--- Task material ---
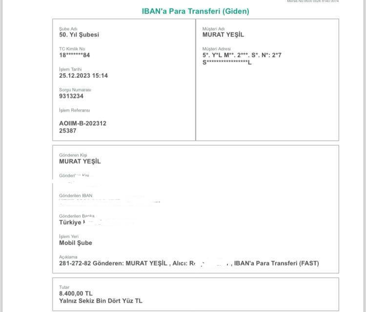Görüştüğü kişi, Yeşil'in kimlik bilgilerini istedi. Yeşil, kimlik bilgilerini mesaj yoluyla görüştüğü kişiye iletti. Yeşil'in araç kiralamak için uygun olduğunu belirten telefondaki kişi, 1 aylık ücretin kendisine iletilen hesap numarasına göndermesini istedi.
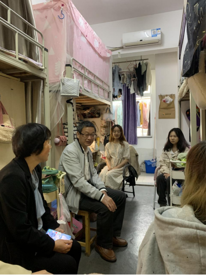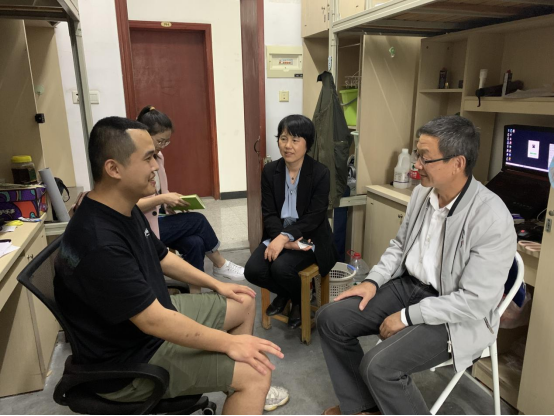冯杰来到甬江公寓5号楼337寝室,与寝室的四位同学亲切交流,关切地询问了同学们目前的学习生活情况。当得知寝室四位同学均立志考研时,冯书记结合自身的成长经历,强调了考研深造的重要性。同时希望同学们能够养成长久良好的运动习惯,每天坚持运动一小时,培养一项体育爱好并成为一生的兴趣,追求自身的全面发展 。
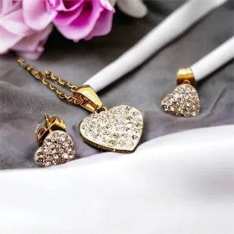 Zlatý set z chirurgickej ocele – náušnice a prívesok v tvare srdiečka set srdiečka so zirkónmi v zlatom prevedení 1002276
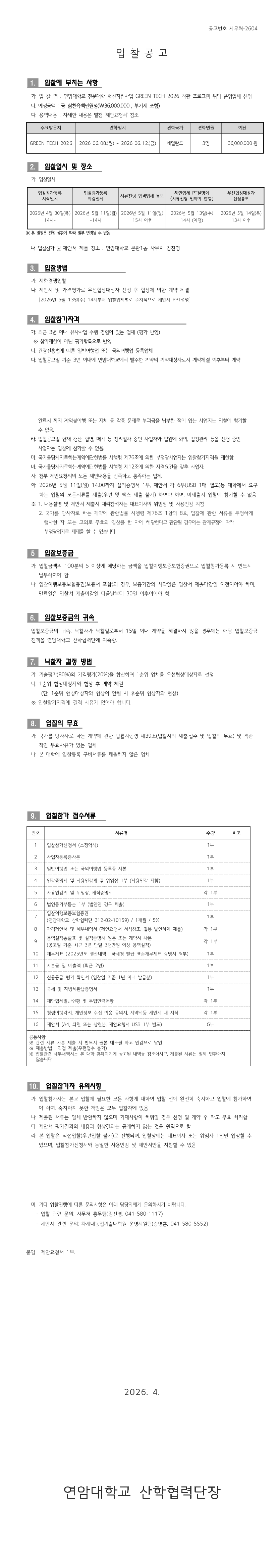 연암대학교 전문대학 혁신지원사업 GREEN TECH 2026 참관 프로그램 위탁 운영업체 선정 입찰 |
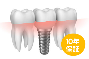 インプラントとは、天然の歯とほとんど変わらない機能と外観を持った第三の歯です。外科手術が必要なインプラント治療の場合、歯科医師の腕と経験値は非常に重要なポイントになります。当院の院長は、インプラント治療歴15年以上という実績を持っています。さらに10年保証で安心です。お仕事で転勤などの場合も、保証会社より他の歯科医院をご紹介できるシステムも完備。信頼できる歯科医師のもとでインプラント治療を受けたいという方は、ぜひ一度ご相談ください。
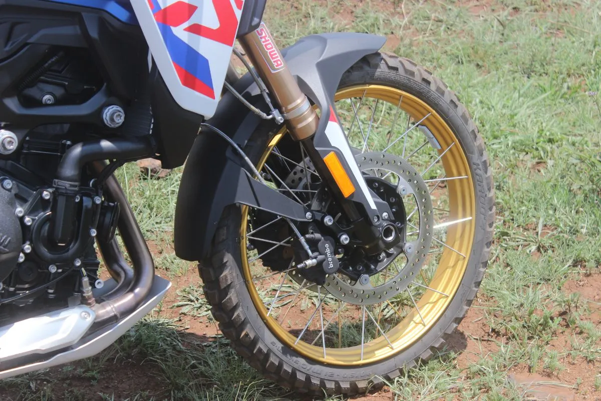 The F900GS rolls on 21”/17” tubeless wheels with fully-adjustable USD Showa forks and a ZF Rear monoshock.
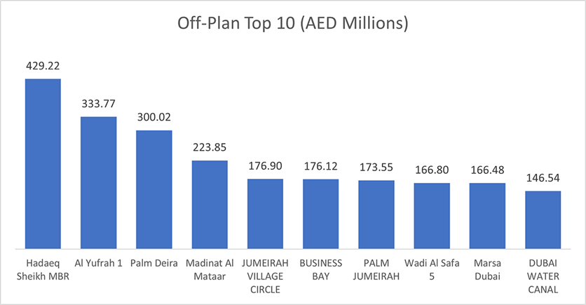 Among the most active areas in off-plan transactions, Hadaeq Sheikh Mohammed Bin Rashid led with AED429.2 million, followed by Al Yufrah 1 (AED333.8 million) and Palm Deira (AED300 million). Other notable contributors included Madinat Al Mataar (AED223.9 million) and Jumeirah Village Circle (AED176.9 million).
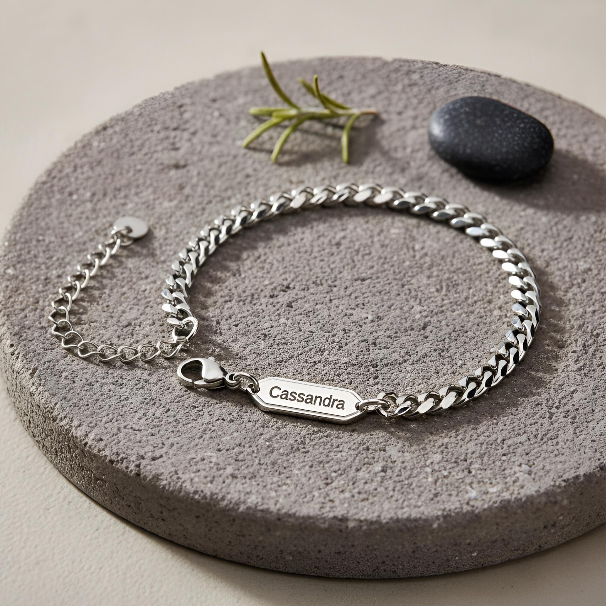Give it as a meaningful gift for Him. This Custom Name Cuban Bracelet is designed with a bold engraved tag pendant on a durable Cuban link chain.
---
* **Problem to work on**
Write out the lines of the entries above exactly, beginning with the first and ending with the line that contains "The F900GS rolls". No picture goes in.

* **Answer for the task**
Görüştüğü kişi, Yeşil'in kimlik bilgilerini istedi. Yeşil, kimlik bilgilerini mesaj yoluyla görüştüğü kişiye iletti. Yeşil'in araç kiralamak için uygun olduğunu belirten telefondaki kişi, 1 aylık ücretin kendisine iletilen hesap numarasına göndermesini istedi.
冯杰来到甬江公寓5号楼337寝室,与寝室的四位同学亲切交流,关切地询问了同学们目前的学习生活情况。当得知寝室四位同学均立志考研时,冯书记结合自身的成长经历,强调了考研深造的重要性。同时希望同学们能够养成长久良好的运动习惯,每天坚持运动一小时,培养一项体育爱好并成为一生的兴趣,追求自身的全面发展 。
 Zlatý set z chirurgickej ocele – náušnice a prívesok v tvare srdiečka set srdiečka so zirkónmi v zlatom prevedení 1002276
 연암대학교 전문대학 혁신지원사업 GREEN TECH 2026 참관 프로그램 위탁 운영업체 선정 입찰 |
 インプラントとは、天然の歯とほとんど変わらない機能と外観を持った第三の歯です。外科手術が必要なインプラント治療の場合、歯科医師の腕と経験値は非常に重要なポイントになります。当院の院長は、インプラント治療歴15年以上という実績を持っています。さらに10年保証で安心です。お仕事で転勤などの場合も、保証会社より他の歯科医院をご紹介できるシステムも完備。信頼できる歯科医師のもとでインプラント治療を受けたいという方は、ぜひ一度ご相談ください。
 The F900GS rolls on 21”/17” tubeless wheels with fully-adjustable USD Showa forks and a ZF Rear monoshock.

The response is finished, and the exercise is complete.